**TASK PROMPT:** From the very first line of the records through the line that contains "Plus simple encore", repeat everything exactly except the pictures, and add nothing.

· · · · ·

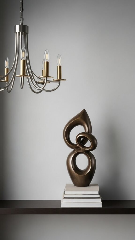 You’ll balance an oversized sculpture with negative space, lean into scale by pairing low-profile books, and let a statement chandelier nearby echo curves or metallics.
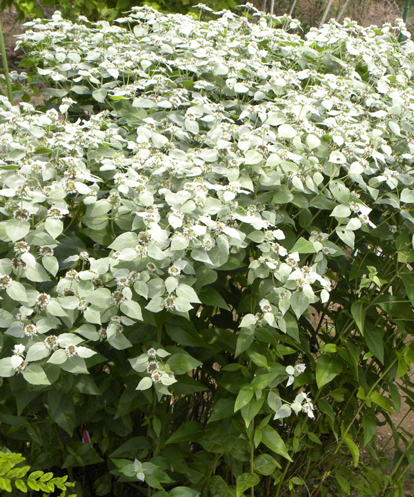 花の周りの葉がシルバーになるとても美しいミントです。花は夏に咲かせ、真夏にシルバーの葉とミントの芳香で気分を爽やかにしてくれます。
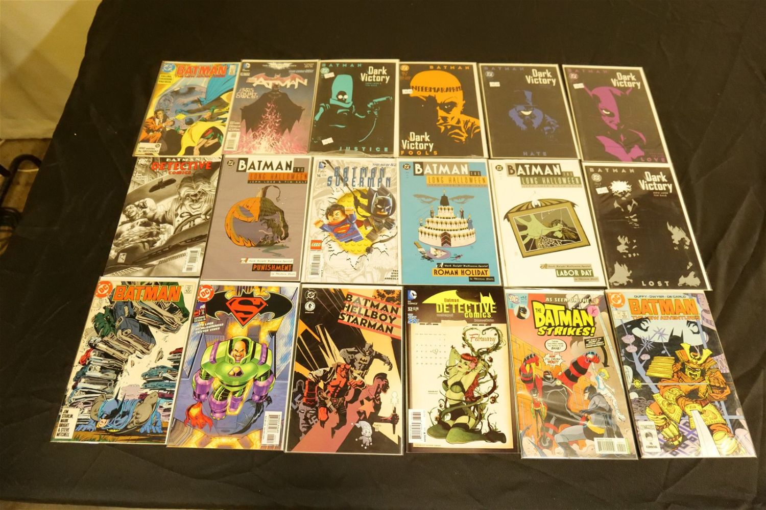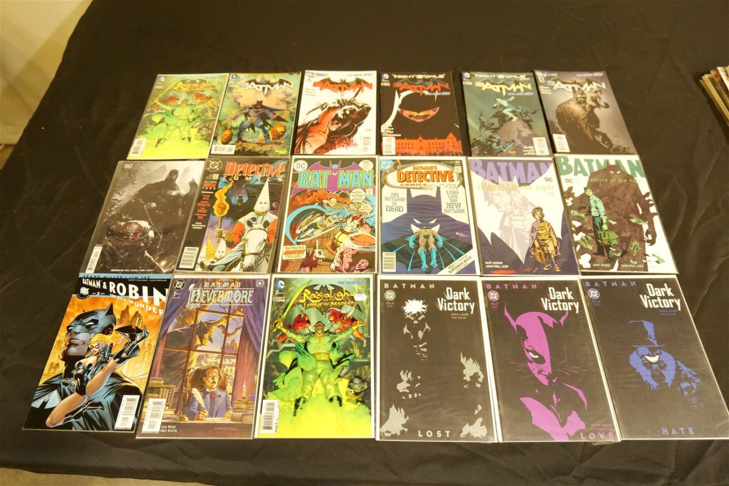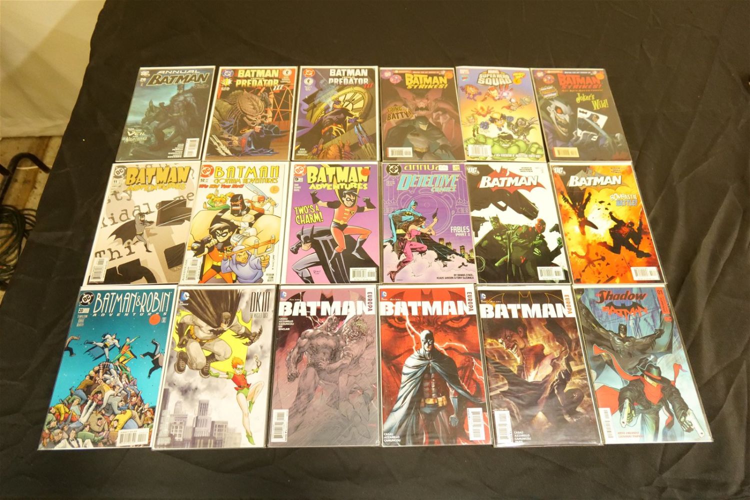 Short Box of Modern Batman Comics including Batman, Batman & Robin, Batman Family, Detective Comics, Dark Knight Returns, Long Halloween, Dark Victory, Batman vs. Predator, and More. Short Box is Full. All invoices must be paid within 24 hours of the sale. We offer multiple shipping options, please read the terms as they have changed. We also offer Pick-Ups Thursday, Friday, Saturday, and Monday immediately following the sale. BY APPOINTMENT ONLY. PLEASE READ THE NEW TERMS!!!
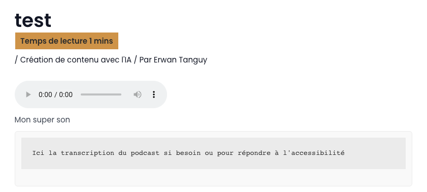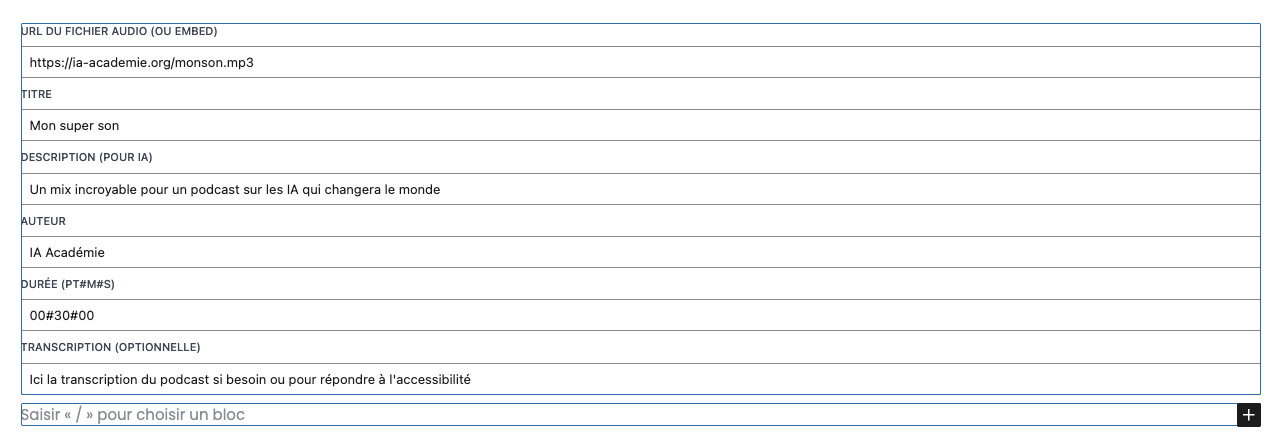 Plus simple encore que le précédent, le bloc Audio propose juste des champs à saisir. Il faut donc avoir l’URL du fichier son à lire pour que cela fonctionne :
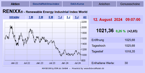 Das regenerative Börsenbarometer RENIXX World hat in der letzten Woche um 1,4 Prozent auf 1.018,71 Punkte nachgegeben (Schlusskurs 09.08.2024). Nach einem zwischenzeitlichen Jahrestief von 958,28 Punkten am 05.08.2024 auf Intraday-Basis beendete der RENIXX den Handel an dem Tag noch mit 998,50 Punkten nur knapp unter die 1.000 Punkte-Marke. Schon am Folgetag notierte der RENIXX wieder über der charttechnisch wichtigen Marke, die er bis Börsenschluss am Freitag halten konnte.
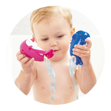 Do-Rae-Mi Dolphins are a colourful and delightful addition to bath time fun! Colour match the dolphins into their rings and link them together in a line or floating circle. Press down on any dolphin's head, while floating in their ring, and they each play a different musical note. Do-Rae-Mi Dolphins are fun in the tub when you create your own songs, colour match with the floating rings, connect them in a circle or create a long, winding line!

· · · · ·

**RESULT OF THIS TASK:**
 You’ll balance an oversized sculpture with negative space, lean into scale by pairing low-profile books, and let a statement chandelier nearby echo curves or metallics.
 花の周りの葉がシルバーになるとても美しいミントです。花は夏に咲かせ、真夏にシルバーの葉とミントの芳香で気分を爽やかにしてくれます。
 Short Box of Modern Batman Comics including Batman, Batman & Robin, Batman Family, Detective Comics, Dark Knight Returns, Long Halloween, Dark Victory, Batman vs. Predator, and More. Short Box is Full. All invoices must be paid within 24 hours of the sale. We offer multiple shipping options, please read the terms as they have changed. We also offer Pick-Ups Thursday, Friday, Saturday, and Monday immediately following the sale. BY APPOINTMENT ONLY. PLEASE READ THE NEW TERMS!!!
 Plus simple encore que le précédent, le bloc Audio propose juste des champs à saisir. Il faut donc avoir l’URL du fichier son à lire pour que cela fonctionne :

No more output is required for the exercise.